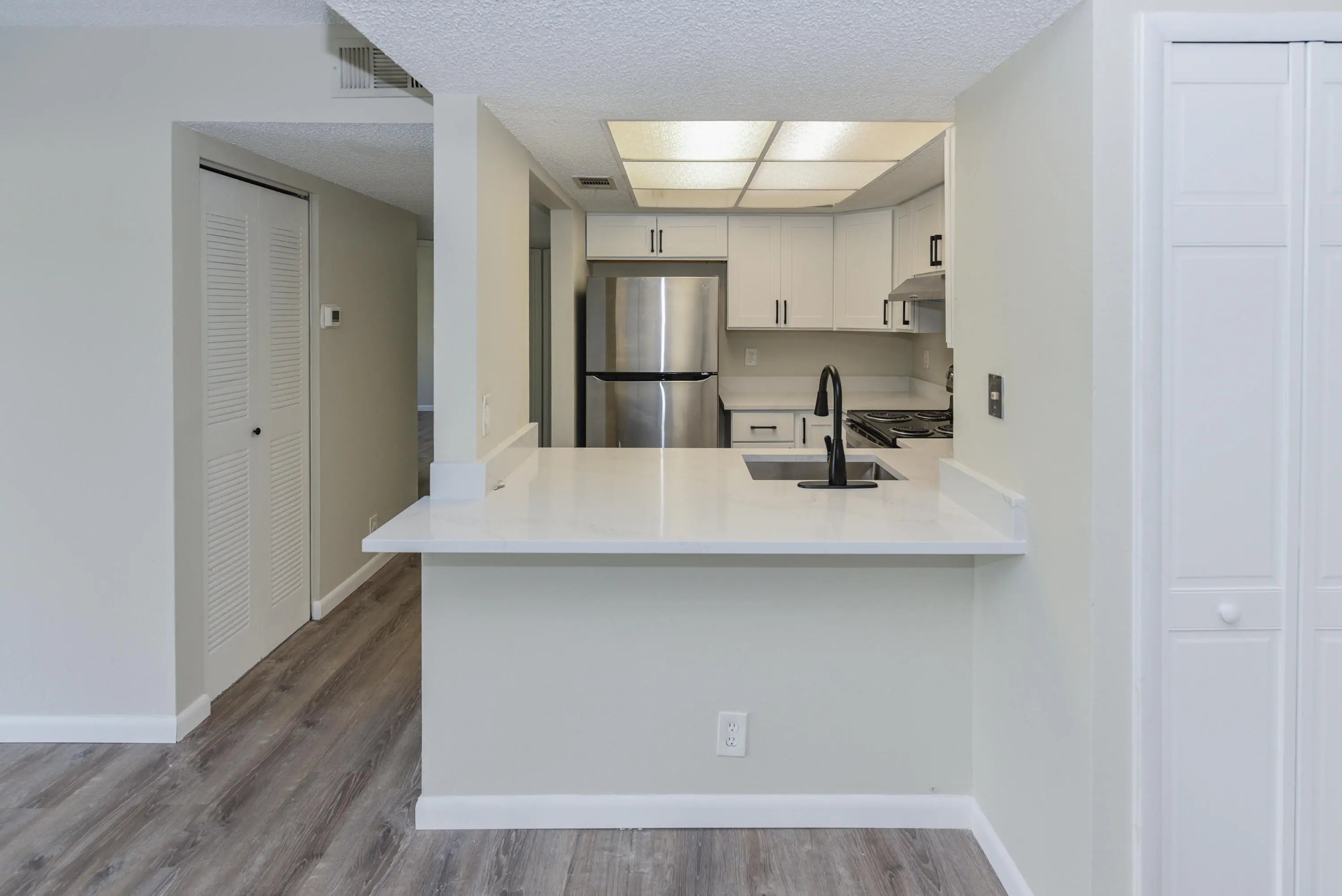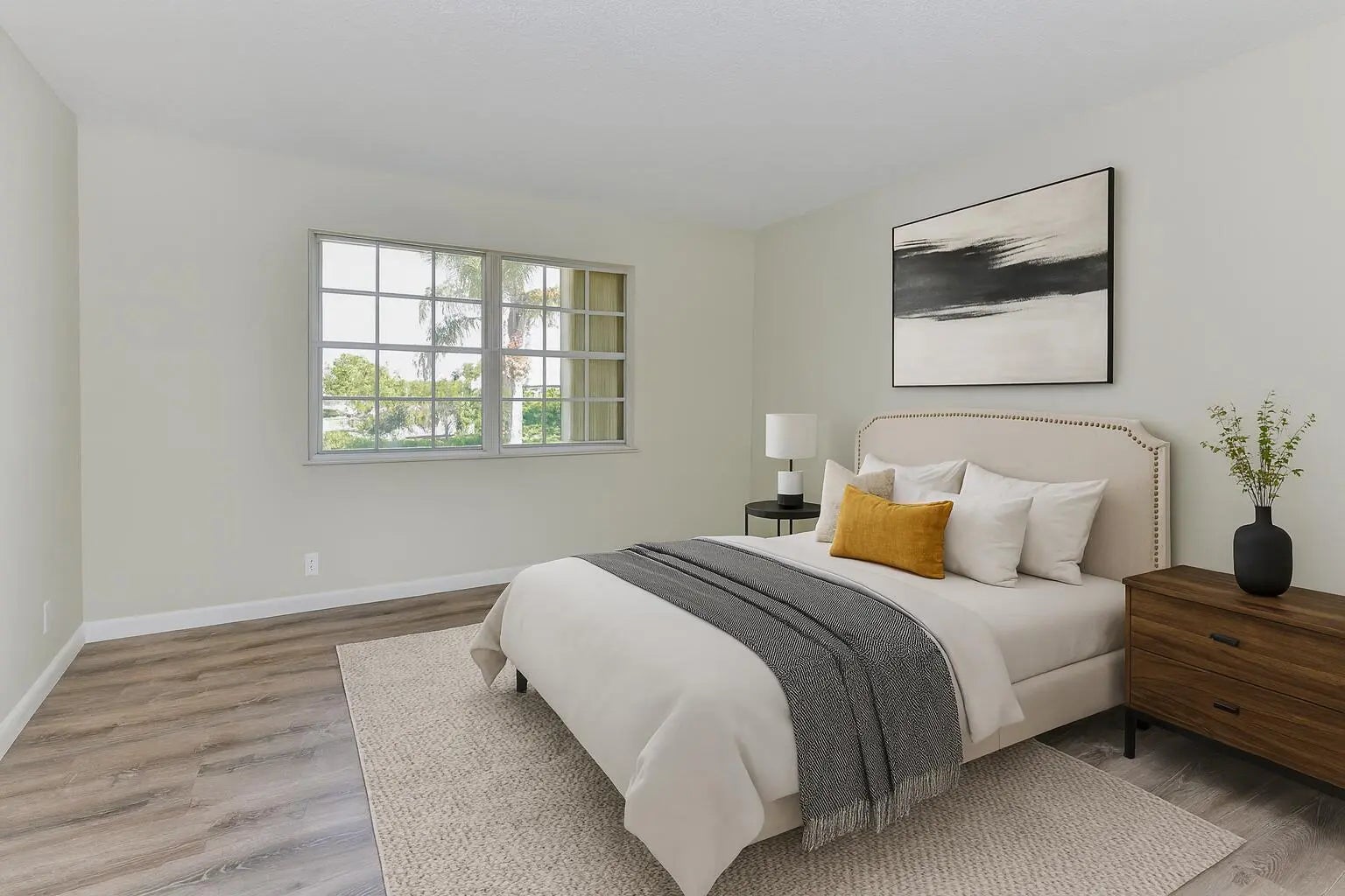 Welcome to this beautifully remodeled 2-bedroom, 2-bathroom condo with peaceful lake views! This bright and inviting second-floor residence features an open-concept layout and a fully renovated kitchen complete with quartz countertops, shaker soft-close cabinetry, and modern finishes. Luxury vinyl flooring runs throughout the home, paired with fresh interior paint and updated fixtures. Both bathrooms have been tastefully upgraded with new vanities and stylish finishes. The enclosed balcony provides additional living space—perfect for morning coffee or relaxing while overlooking the tranquil lake. Additional updates include a brand-new A/C, new washer and dryer, and upgraded lighting throughout. The community offers a sparkling pool, and the HOA covers water, exterior maintenance, roof, lawn care, and common areas for added convenience. Located just minutes from downtown Stuart, Jensen Beach, Fort Pierce, shopping, dining, hospitals, and beautiful beachesthis condo offers comfort, style, and exceptional convenience. Move-in ready and easy to showdon't miss this one!
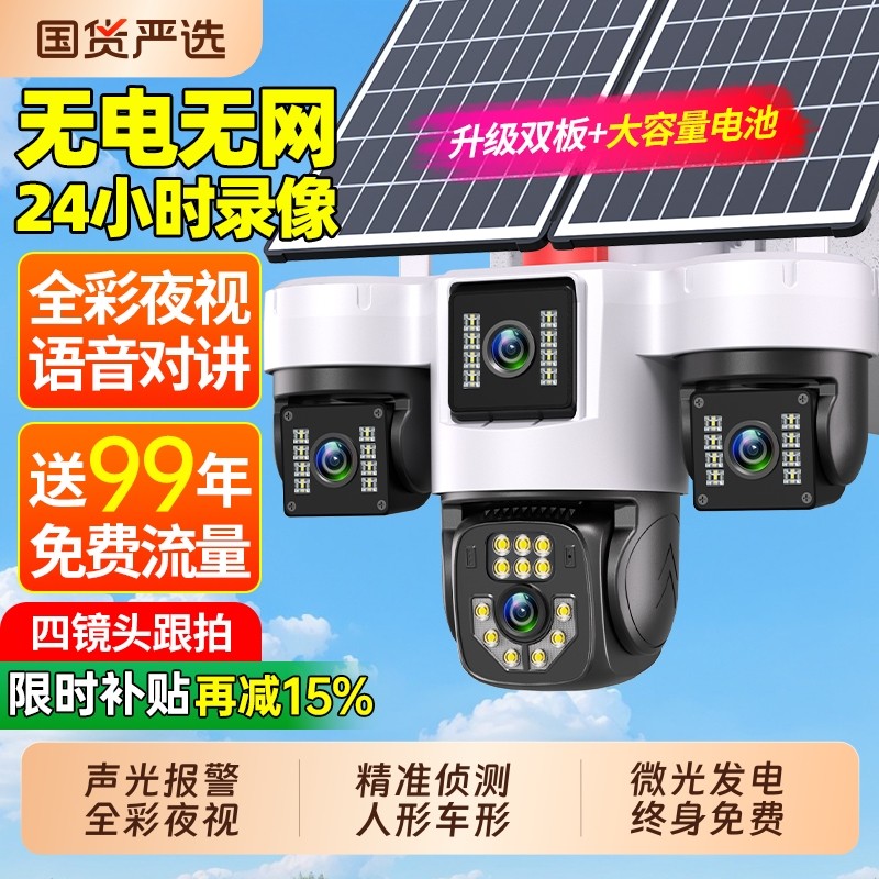 太阳能监控摄像室外360度无死角户外无电无网家用高清夜视摄影头
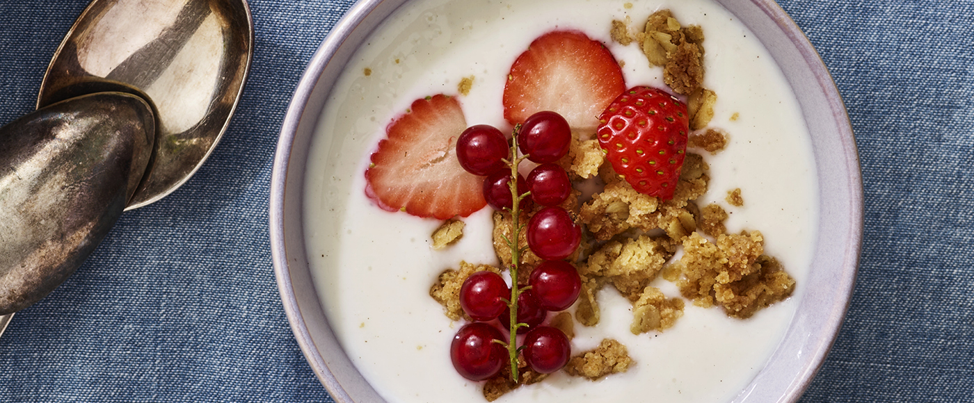 Lad crumblen køle af, så den bliver sprød og bræk den så i mindre stykker.

————

Do not include the images; transcribe the rest of the listing exactly.

RESPONSE FOR THIS EXERCISE:
 Welcome to this beautifully remodeled 2-bedroom, 2-bathroom condo with peaceful lake views! This bright and inviting second-floor residence features an open-concept layout and a fully renovated kitchen complete with quartz countertops, shaker soft-close cabinetry, and modern finishes. Luxury vinyl flooring runs throughout the home, paired with fresh interior paint and updated fixtures. Both bathrooms have been tastefully upgraded with new vanities and stylish finishes. The enclosed balcony provides additional living space—perfect for morning coffee or relaxing while overlooking the tranquil lake. Additional updates include a brand-new A/C, new washer and dryer, and upgraded lighting throughout. The community offers a sparkling pool, and the HOA covers water, exterior maintenance, roof, lawn care, and common areas for added convenience. Located just minutes from downtown Stuart, Jensen Beach, Fort Pierce, shopping, dining, hospitals, and beautiful beachesthis condo offers comfort, style, and exceptional convenience. Move-in ready and easy to showdon't miss this one!
 太阳能监控摄像室外360度无死角户外无电无网家用高清夜视摄影头
 Lad crumblen køle af, så den bliver sprød og bræk den så i mindre stykker.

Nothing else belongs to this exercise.